Thursday, August 11, 2005

More housing economics

The Economist has a good post (sadly premium content) on where all the extra money from pricey oil is going: outlandish real estate projects.
But the biggest bucks are flowing into property. Artificial lagoons and landfills, spiked with villas, hotels and appartment towers, are growing all over the Gulf. The world's would-be tallest building is already under construction in Dubai, whose latest fantasty development, City of Arabia, with no fewer than 35 skyscrapers, promises to house the world's largest shopping mall.
This "City of Arabia" is quite close to my old high-school and will increase Dubai's housing stock, alone, by about 50%. Almost all investment in Dubai is controlled by a handful of families who run old-skool conglomerates with big import-export businesses, exlcusive licensee franchises, and property. If any one sector goes up, you see splurges in all the other. As one would expect with family owned conglomerates, the money is not being spent wisely.

But Americans are not spending their "China surplus" liquidity wealth wisely either -- they are squandering it by competitively bidding for real estate. As Angry Bear notes, whether the price reduction will be a pop or a hiss is unknown, but look for slowing sales and higher rental vacancy to mark the top of the market. I call this housing market a bubble because prices/rents is out of historical whack, and I will not beleive the bubble is over until we see market increases in rental prices. Unless you beleive property will continue to appreciate the way it has, rentals are a great deal over purchases right now. When people stop beleiving property will appreciate, these bargains will go away.

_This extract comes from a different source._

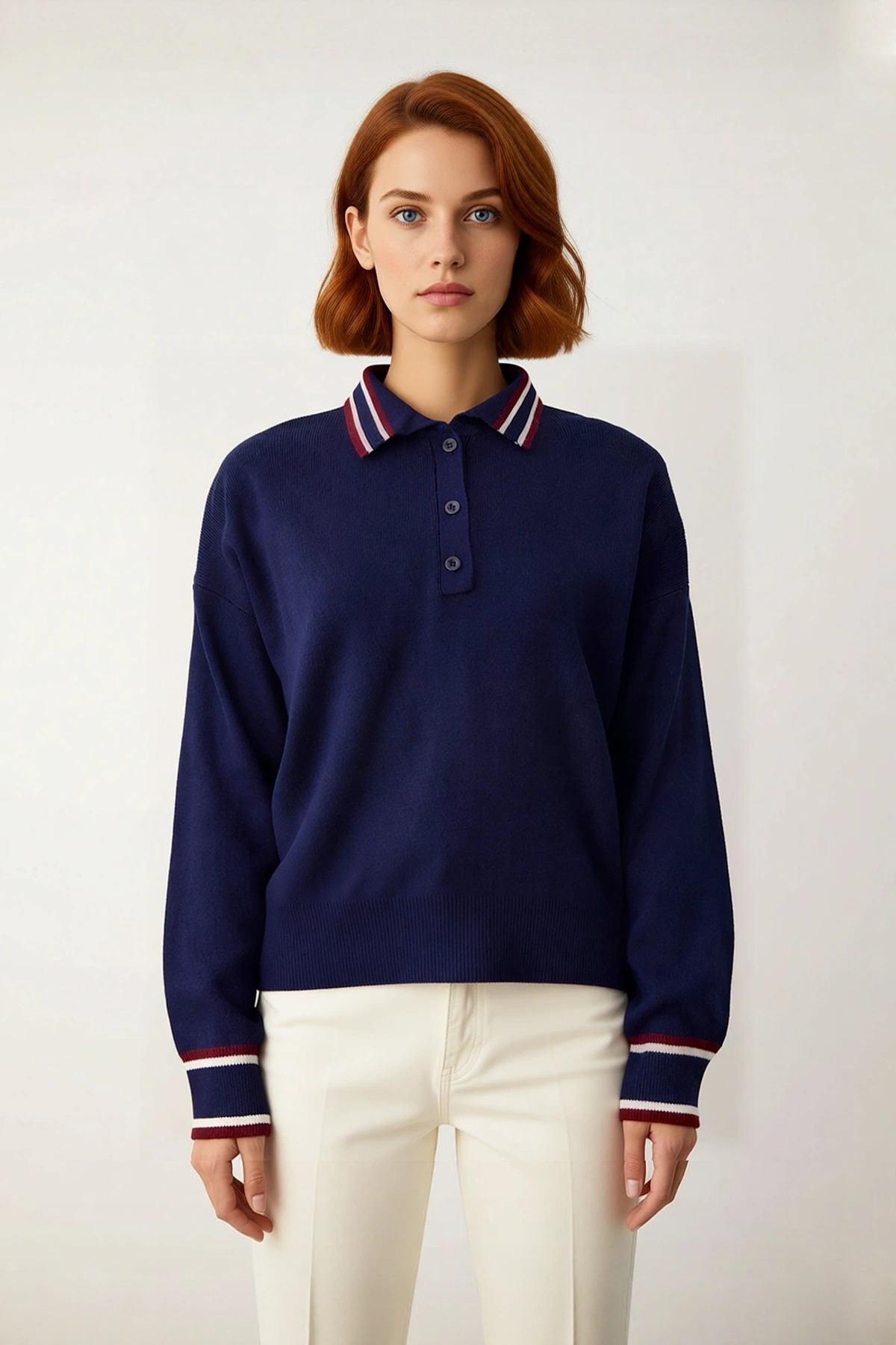 Ürün Özellikleri: Oversize kalıp, %100 akrilik materyal, renk bloklu desen, polo yaka, düşük kol, triko kumaş, lacivert renk, orta kalınlık.

I recommend reading the rest of the Angry Bear site. It highlights nicely the difficulties Democrats are in over economics, foreign policy, etc. While the posters there rightly complain about Bush's pork laden spending bills, and the insolvency of the long-term federal budget, they do not mention that is was Democrat intransience that made CAFTA so expensive to pass and blocked social security reform (which would improve long term solvency by cutting benefits to rich people). They correct point out that federal deficits just mean higher taxes in the future, but fail to explain why higher taxes now is better. After all, deficits don't matter, interest rates and marginal taxes do and the US seems to be just fine right now.